Sent from my iPhone using Petguide.com Free App


----------



## sandypaws (Aug 8, 2012)

Congrats, again, to both of you. You should be very proud of Kodi. He's a great dog. Hopefully you'll get video tomorrow. Where are the trials this weekend, Karen? I'm assuming Fitchburg, as I think Elinor mentioned going there with Tony around this time.


----------



## davetgabby (Dec 29, 2007)

figured you were at some trials this weekend. you've hardly been on. You nervous , with a dog like Kodi, shame on you. LOL Good luck tomorrow.


----------



## Sheri (Oct 11, 2008)

Congratulations! I'm looking forward to the video from tomorrow!


----------



## jabojenny (Sep 18, 2011)

Congrats!!!! I can only imagine what how I would act if Timmy were involved in that type of competition. Good luck tomorrow. I love your videos, I'm keeping my eyes peeled!


----------



## misstray (Feb 6, 2011)

Way to go, both of you!


----------



## Beau's mom (Oct 6, 2011)

Atta boy! Atta girl!


----------



## Tuss (Apr 22, 2012)

Congratulations! Gemma also does the body slam on recalls; she's just so excited to get to come back to me.


----------



## lfung5 (Jun 30, 2007)

Congrats!!!! Way to go Karen and Kodi!!!


----------



## whimsy (Apr 3, 2010)

way to go you two!!! You must be so proud of all you both have accomplished.


----------



## krandall (Jun 11, 2009)

sandypaws said:


> Congrats, again, to both of you. You should be very proud of Kodi. He's a great dog. Hopefully you'll get video tomorrow. Where are the trials this weekend, Karen? I'm assuming Fitchburg, as I think Elinor mentioned going there with Tony around this time.

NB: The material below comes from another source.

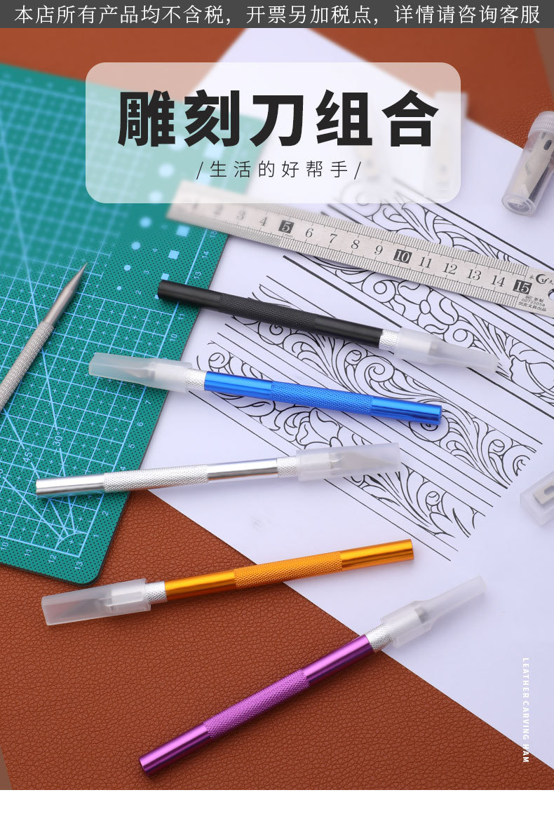 조각 나이프 멀티 사양 교체 가능한 블레이드 스캔 종이 가죽 조각 패턴 커팅 보드 조각 나이프 도구 가죽 세트스토어 가기

No, this is at MasterPeace. Charles River and Concord both hold their trials there. (one Sat. and one Sun.) It is JUST obedience trials, no breed stuff. The judges said it is the biggest obedience trial the've judged all year though. It just feels smaller because there aren't all the breed rings going.


----------



## krandall (Jun 11, 2009)

davetgabby said:


> figured you were at some trials this weekend. you've hardly been on. You nervous , with a dog like Kodi, shame on you. LOL Good luck tomorrow.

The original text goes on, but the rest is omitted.